I would like GW to make new models of not only BT but all chapters showing more differences between the chapters. However no matter how much I dream about this it wont happen.


----------



## Overbeing (Oct 9, 2011)

Well I think I knew about army rotations it's just DE have been coming out for quite some time now and it's just getting old.
Maybe GW are focusing on converting most miniatures to finecast? (although I like the normal plastic better!)


----------



## lokis222 (Mar 14, 2009)

Nids....


----------



## Moonschwine (Jun 13, 2011)

Defo Nid's. They said Necron plastic kits are going to be as-is for the update.

Black templar also do not need their own range, what they need to do is add an extra spure onto the Marines kit and cut down their production costs / waste. Honestly it drives me mad to see price hikes then they have stocks filled with Niche market mini's that are basically 1 spure different. 

I'd also like to see CSM's getting new miniatures; mainly Plastic kits for Raptors, Death Guard, Noise Marines and TSon's. Finecast is lovely don't get me wrong. But theres something not right about having to take a saw to them for some converting.


----------



## Zion (May 31, 2011)

jaysen said:


> Sisters of Battle need plastic troops models, severely.


Christ yes. My wallet cries in pain anytime I look at trying to finish rounding out my squads.


----------



## Overbeing (Oct 9, 2011)

Yeah guys I feel your pain but I was thinking that they should put a bit more difference between marine chapters not just say- "okay all you random SM chapters use a tactical squad and call it something different to make it sound cool". But yeah every army needs a bit more variety I think.


----------



## DeathKlokk (Jun 9, 2008)

Every time I see a new model released for Dark Eld*a*r think:

A. Wow,that's so beautiful!
B. Damn,it's nice to see GWdoing a full range of models
C. I can't wait until they get back around to doing Chaos or Eldar!

In that order. I don't understand why people have issues with DE getting their entire range released. It gives me hope for the armies I collect being treated the same.


----------



## Oakley (Aug 19, 2011)

To be honest, I'd like to see some DE, maybe some TSons, some Tau and maybe Necrons too. Those armies always seemed a little bit 'Empty' so to speak, in the fact that there isn't a very broad range of models to choose from. Grey knights could so with some reworking too, but I think some non-GK players might be a tad unhappy if they got any more attention after the 5th edition Codex.

In all honesty though, I think it's easy to convert Space Marines to BT, and they don't need any more chapter-specific stuff. Just get a little cross and some robes and stick them on the marine, and viola, a Black Templar.


----------



## Ravion (Nov 3, 2010)

They really need to come out with a conversion kit for thousand sons termies.


----------



## moswantd407 (Jul 7, 2011)

Even though I am not a fan the necron players are desperate.


----------



## Overbeing (Oct 9, 2011)

Guys we should start an online petition on what GW needs to bring out next!


----------



## Rems (Jun 20, 2011)

No we really shouldn't. Those happen all the time, devolve into rants against gw and are ignored. 

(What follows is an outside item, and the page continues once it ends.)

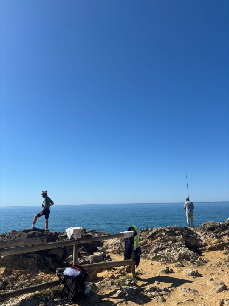 In Figueira da Foz wijst hij op de rij vuurtorens langs de kust en de lange pieren die de riviermonding openhouden. “We onderhandelen hier met de zee,” zegt Ruben. “Nooit gewonnen, nooit verloren – maar wel blijven varen.” Daarna volgen rustige kilometers door kleine dorpen tot de klimmen naar Nazaré beginnen.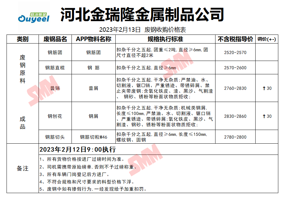 2月13日河北金瑞隆钢铁 废钢收购报价

As for new minis space marines of all stripes have enough. Between all the different sm kits and sprues plus what forgeworld puts out (that's not even including conversion work) you can make any chapter distinguishable. 

Nids and Sisters are most in need of some attention. Nids need some units filled in- eg tervigon, harpy, tryanofex etc. 

Sisters need some plastic kits, or at least box sets or a transition to finecast.


----------



## lokis222 (Mar 14, 2009)

Rems said:


> No we really shouldn't. Those happen all the time, devolve into rants against gw and are ignored.
> 
> As for new minis space marines of all stripes have enough. Between all the different sm kits and sprues plus what forgeworld puts out (that's not even including conversion work) you can make any chapter distinguishable.
> 
> ...


Follow the money. I have a feeling Nid sales went down after the 5th edition book and the faq. Sisters has never had a huge following. Kids like boy scouts with guns. The model range is a direct reflection of expected sales. Gw is first and foremost about money. Maybe it wasn't always true, but it certainly is these days. For the most part it works. They have a large following and a good model line. The game system is a bit crap it you look at things like chainmail, flames of war and warmachine, but it is easy to pick up and play. As long as they make money, they won't give a crap about people complaining about a few missing models.


----------



## jaysen (Jul 7, 2011)

I'd also LOVE to see some plastic IG infantry that wasn't Cadian. Mordian, Steel Legion, Praetorians, etc... need to have some plastic models. Take a look around at how many IG players there are.... quite a few.


----------



## Rems (Jun 20, 2011)

Yes but then you fall into a viscous cycle where army a is unpopular because it has no new models. No new models are then made for army because it's unpopular. 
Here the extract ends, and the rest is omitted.